Among the individual incentives extended under the bill are the itemized deduction for state and local general sales taxes, the additional standard deduction for state and local real property taxes, and the above-the-line deduction for qualified tuition and related expenses. The deduction for qualified tuition expenses was modified in the manager's amendment to provide that it would not be available to taxpayers who would have received a greater tax benefit under the Hope Scholarship and Lifetime Learning credits.

The bill also would extend an array of charitable-giving provisions and infrastructure and economic development tax incentives.


Changes likely in the Senate

Senate Majority Leader Harry Reid, D-Nev., said May 28 that his chamber intends to amend the bill after the recess, but did not discuss specific changes.
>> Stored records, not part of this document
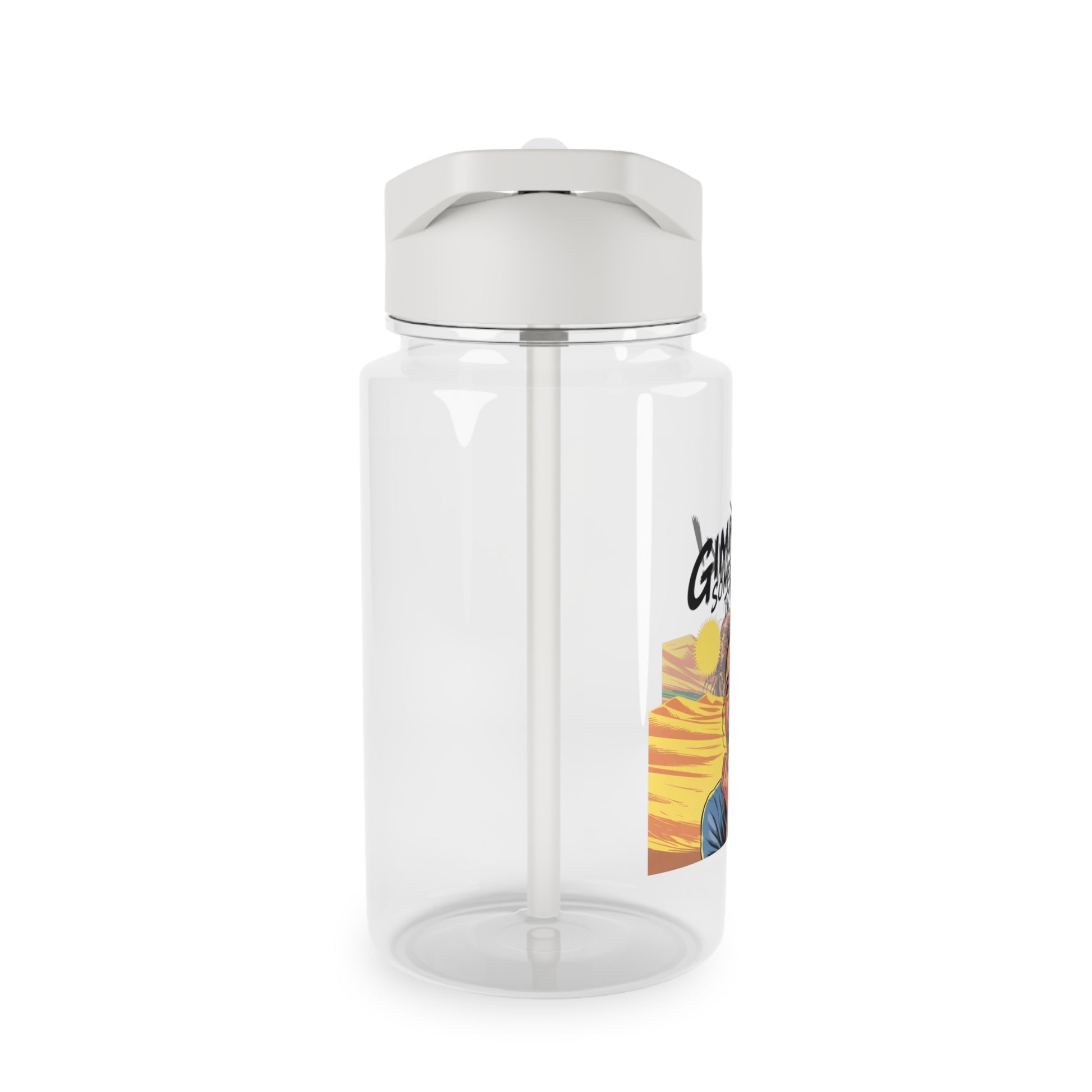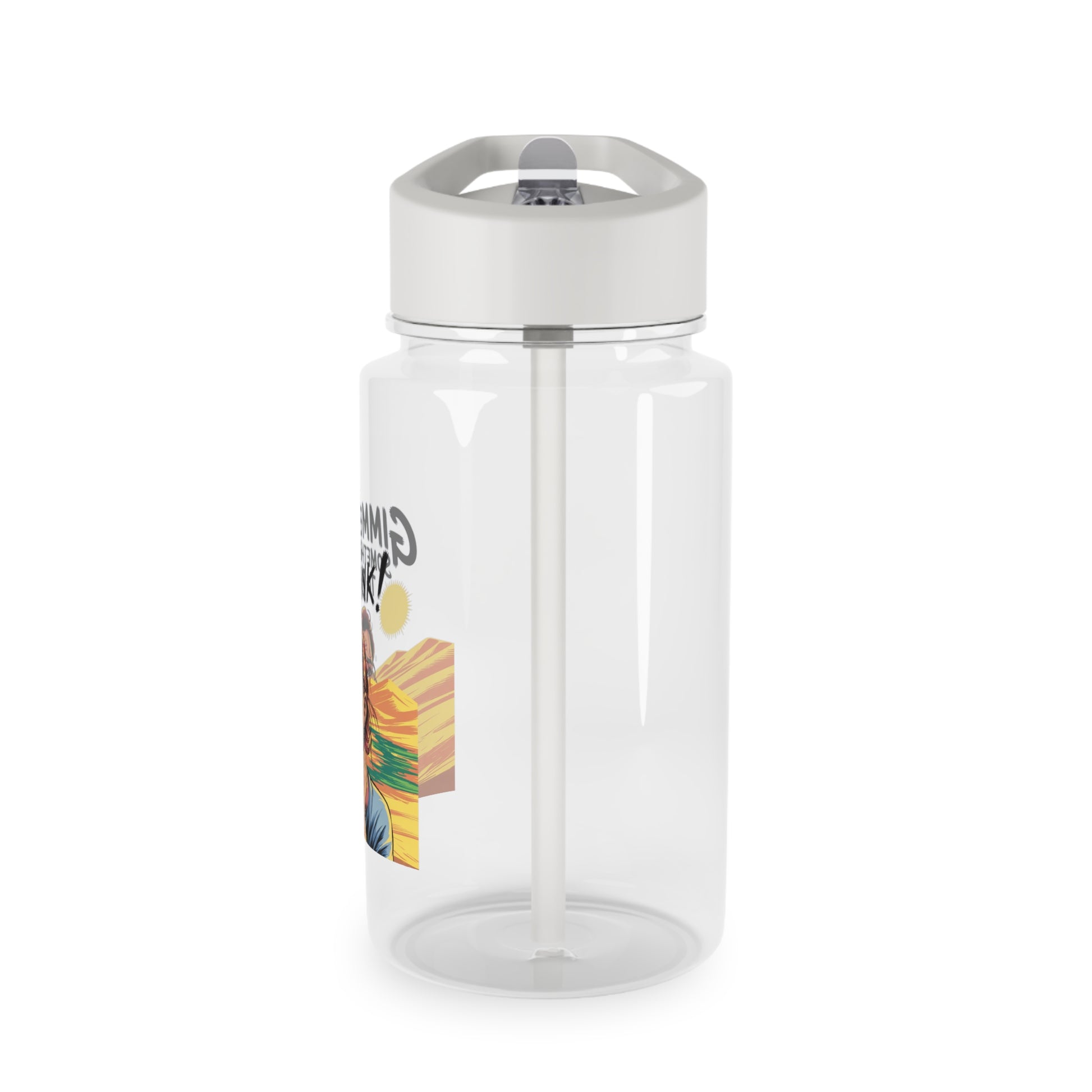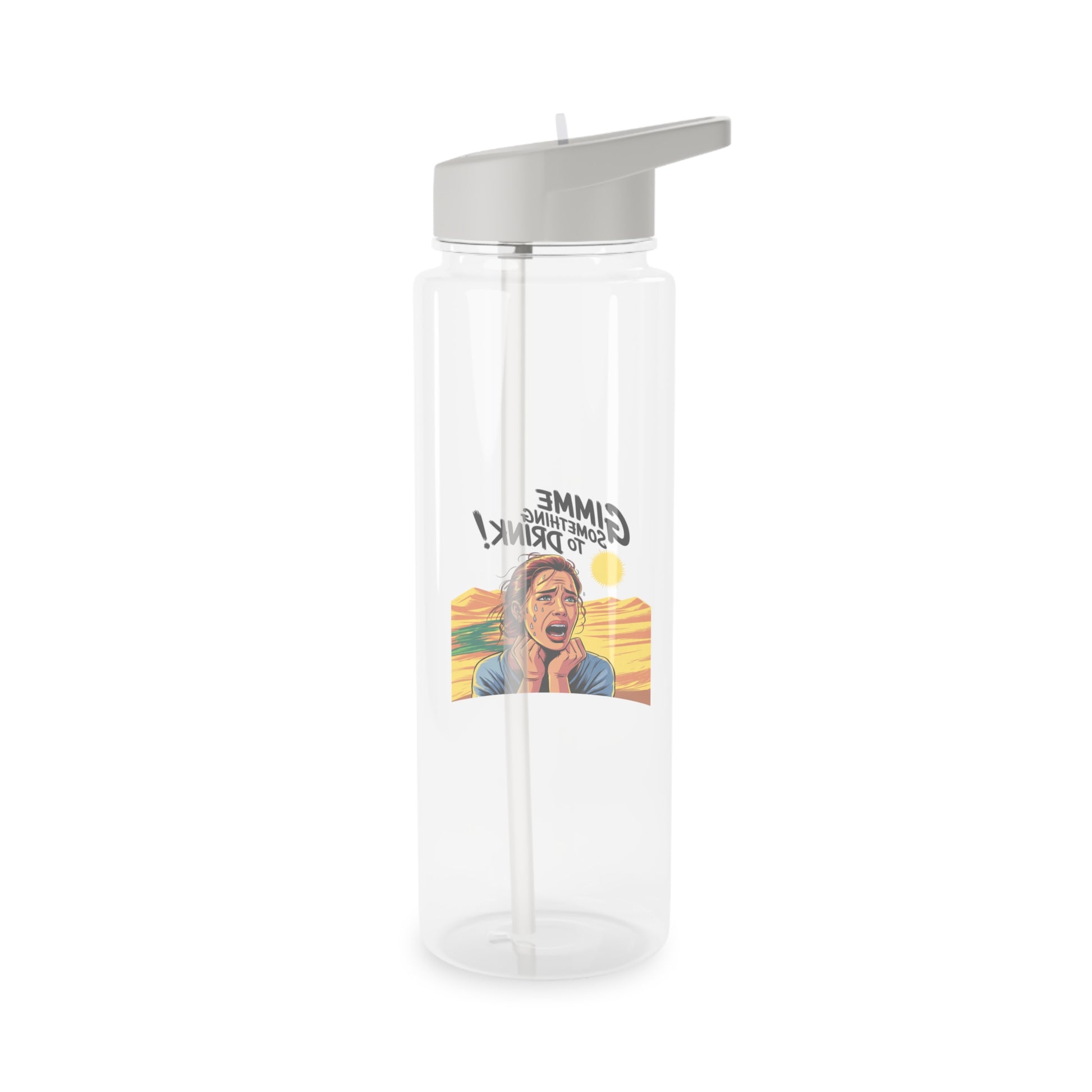 Esta botella de agua transparente de Tritan luce un diseño atrevido y divertido que ilumina tu hidratación diaria. El gráfico —una figura dramática de estilo cómic con la exclamación "¡Dame algo de beber!"— resalta sobre el cuerpo transparente, dándole personalidad a la botella y permitiéndote ver el nivel de bebida. La tapa gris de rosca con pajita plegable evita derrames y facilita beber en cualquier lugar. Su resistente construcción de Tritan sin BPA resiste el uso diario y los viajes; las opciones de personalización te permiten personalizarla o adaptarla a tus gustos, ya sea para llenarla en tu escritorio, salir de excursión o prepararla para una excursión.
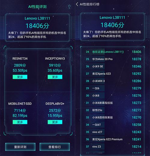 同时,骁龙710所配备的Hexagon 685 DSP与Spectra 250 ISP也是目前市面商用产品中仅次于旗舰骁龙855的次旗舰配置,高通本身就是使用CPU+GPU+DSP整合来完成AI运算及处理,三方面都有明显提升,其所配备的第3代AI Engine自然也有着强力表现。鲁大师AI测试中四种识图训练速度都很快,得分18406,在目前机型数据库中排名24。
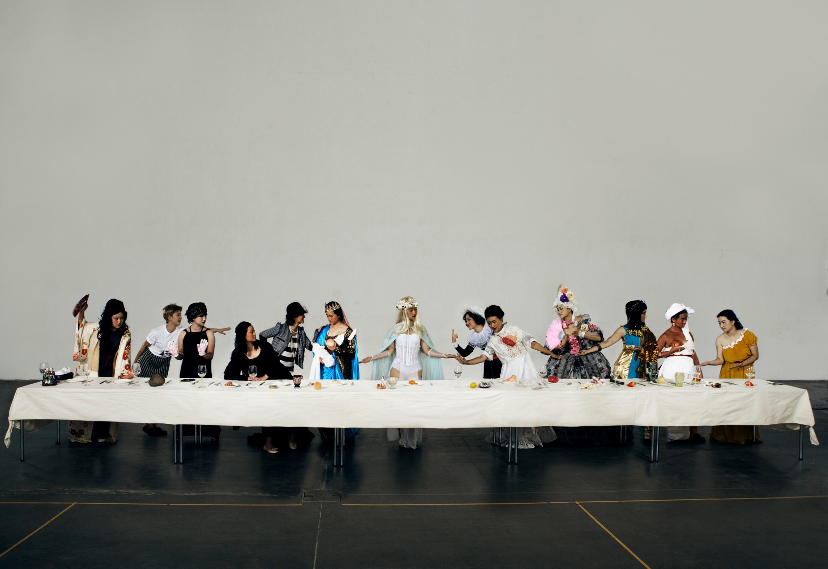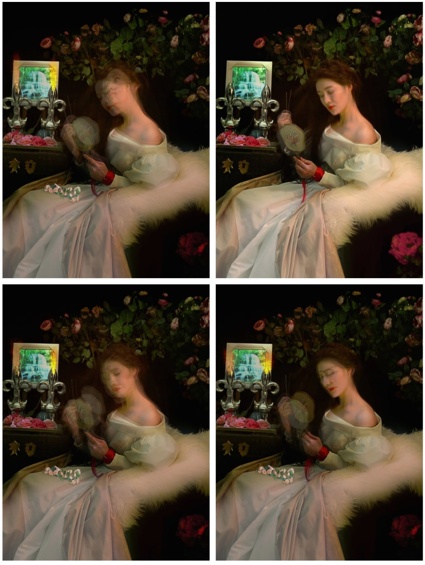 Reflecting upon the theme of “self-creating,” Ye Funa presents the “Goddess” series in which she masquerades as thirteen female figures who were prominent or controversial in history, fashion, literature, and art. In the artist’s three-channel video, Legend of the Wellknowns (2015), one of the characters she personifies is Leonardo Da Vinci’s Mona Lisa. The mysteriously smiled sitter reveals herself as in fact a “selfie goddess” through Ye’s reenacting, as she pouts her lips and gives a victory gesture. Adhering to her parodic manner in another video Mona Lisa (2015), Ye Funa replaces the exquisite composition of Mona Lisa and the landscape with a blinking woman sitting in front of a traditional Chinese landscape painting. Infused with the absurd, bantering, and vulgar, Ye’s “Goddess” series examines the construction of identity and the artifice of image, it also elaborates on the recurring theme of the role of female, the idea of beauty, and the female sensibility in Ye’s recent works.
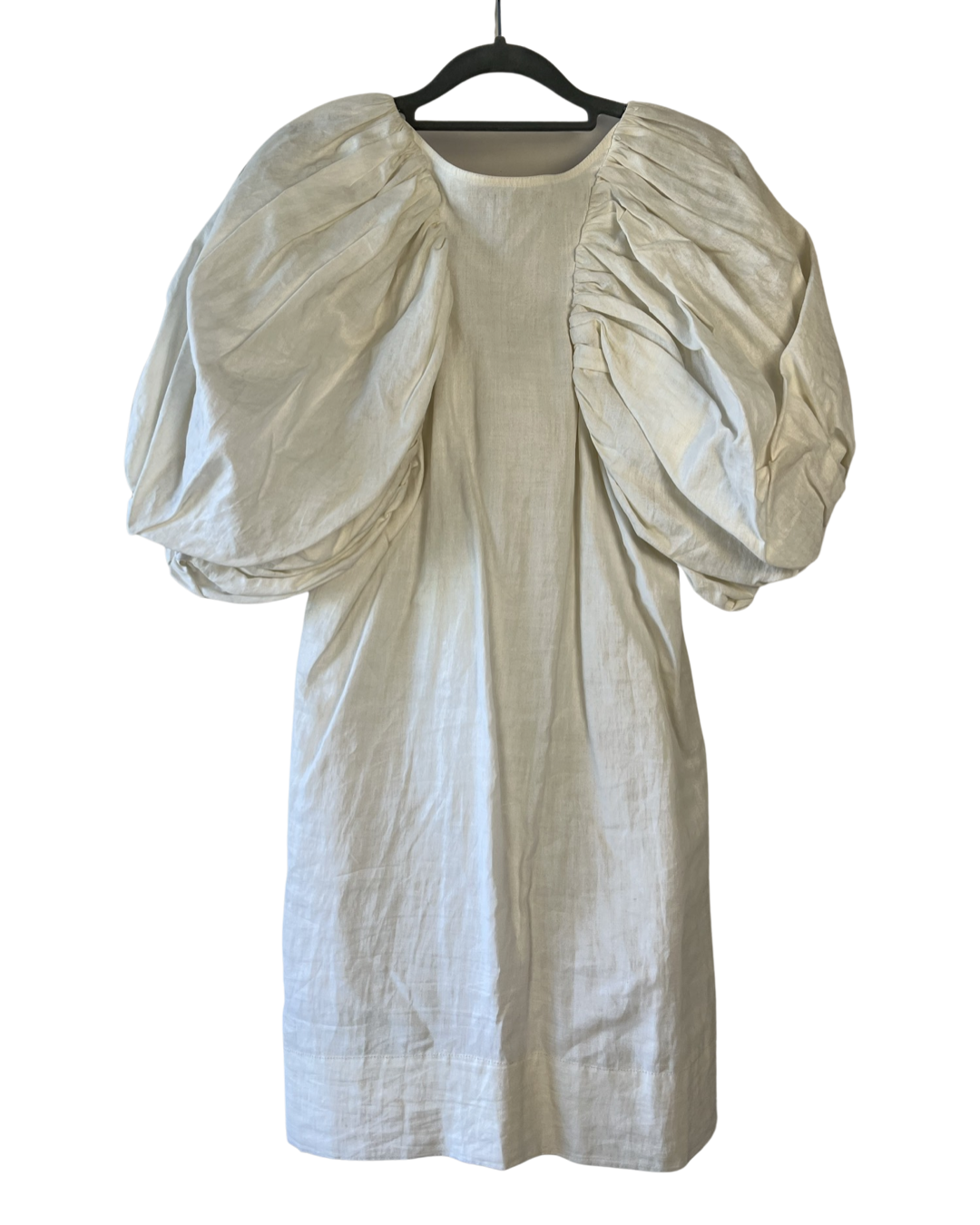 Elevate your fashion game with this stunning Stella McCartney dress! Made from a luxurious blend of bamboo and cotton, this cream dress will make you feel like a true fashion icon. With its unique balloon sleeves and elegant design, you'll turn heads wherever you go. The dress is in excellent condition and measures 42cm pit to pit and 82cm shoulder to hem. Don't miss out on this rare opportunity to own a piece from Stella McCartney's runway collection. Order now and experience the luxury and glamour of high fashion for yourself!
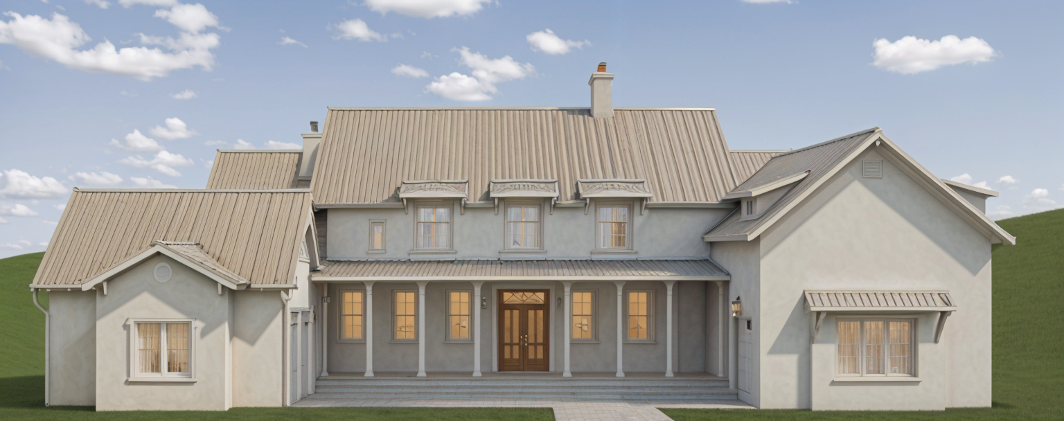 remove red color around windows add clouds to sky this facade should be lit by sunlight
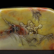 Chinese Natural Shoushan Stone Hand-carved Exquisite Landscape Figure Seal 13024
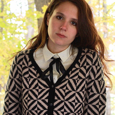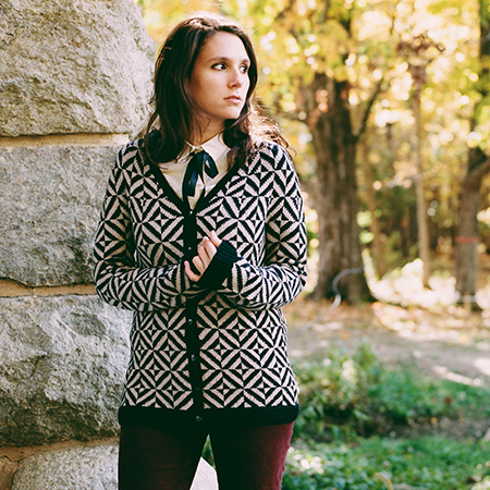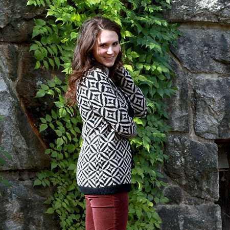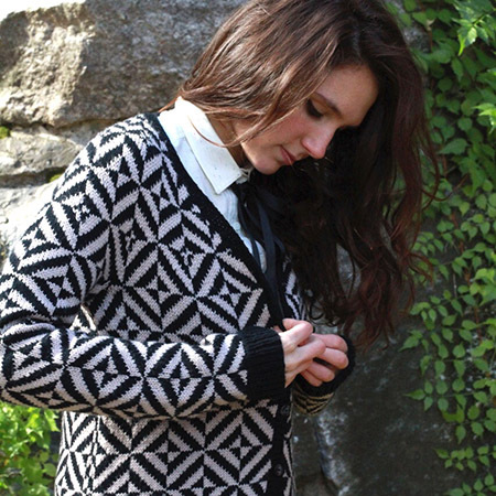 This dazzling v-neck cardigan is an undeniable showstopper. The design features a graphic all-over stranded colorwork motif that is worked in the round and steeked. Except for the edging, the entire cardigan is worked from a chart, however the rhythmic motif is very easy to memorize. In fact, you’ll probably find yourself referring to the chart only periodically. The cardigan is worked seamlessly from the bottom-up, with gentle hip shaping and a beautiful tapering yoke-style shoulder construction.
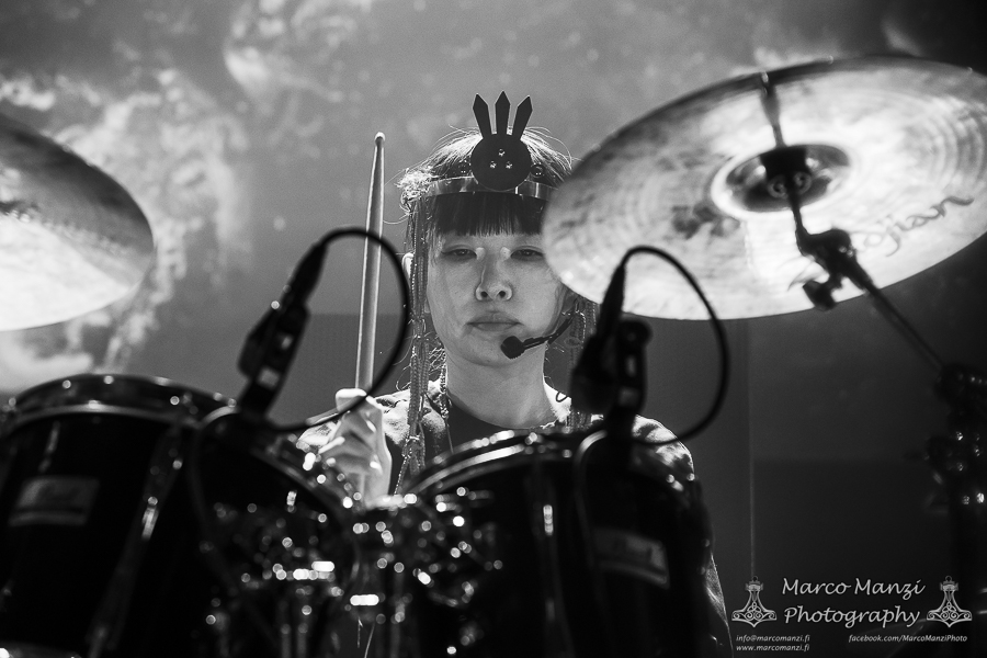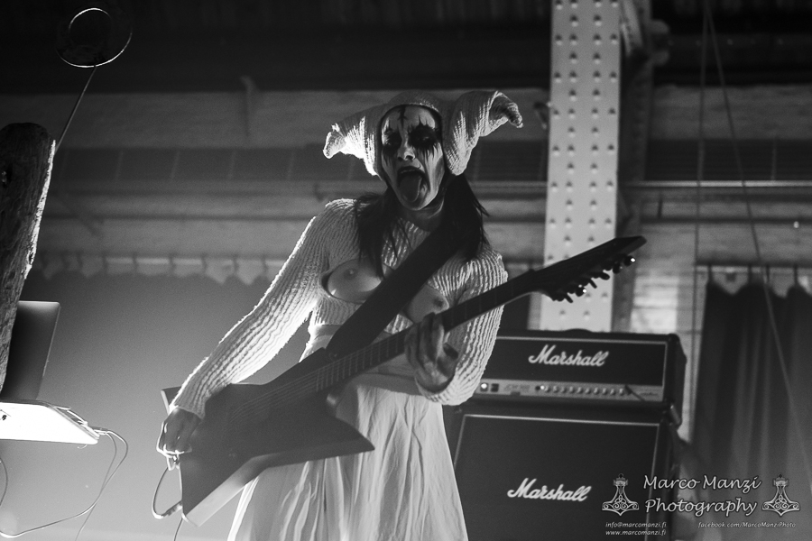 It’s hard to place the band in terms of visuals; maybe they are meant to be shocking to some, to provoke, or simply make people talk about them. But mostly it’s part of the “feminist black metal” concept that the band has used as a label for themselves. Artistic expression notwithstanding, the band seems to reflect a time where it’s accepted that the socio-political message is taking the spotlight above the music – see the pro-palestine speech at every show of the band – and while by no means we argue the validity of certain messages, especially in these tumultuous times, perhaps a music festival would showcase bands more for their artistic talent than for what they are talking about. Eventually the show continues through other costume changes and more theatrics, with their obvious witchcraft theme (at some point the drummer Johanna took to the front to focus solely on the vocals, before returning behind the drums), and on some account from the crowd, towards the end they ended up fully naked, wearing only some long black hair wigs.

Several Senate Democrats as well as Republicans, however, have supported exempting venture capital firms from the carried interest provision.

Based on reactions as the current bill moved through the House, Senate leaders also may feel pressure in the coming days to revisit a carried interest provision that would require gain recognized on the disposition of an investment service partnership interest to be treated as ordinary.

For its part, the business community has voiced concern about the foreign tax credit provisions, noting that several have not been offered in previous legislation or debated by congressional taxwriters in public hearings, and that the retroactive effective dates would impose compliance burdens on taxpayers.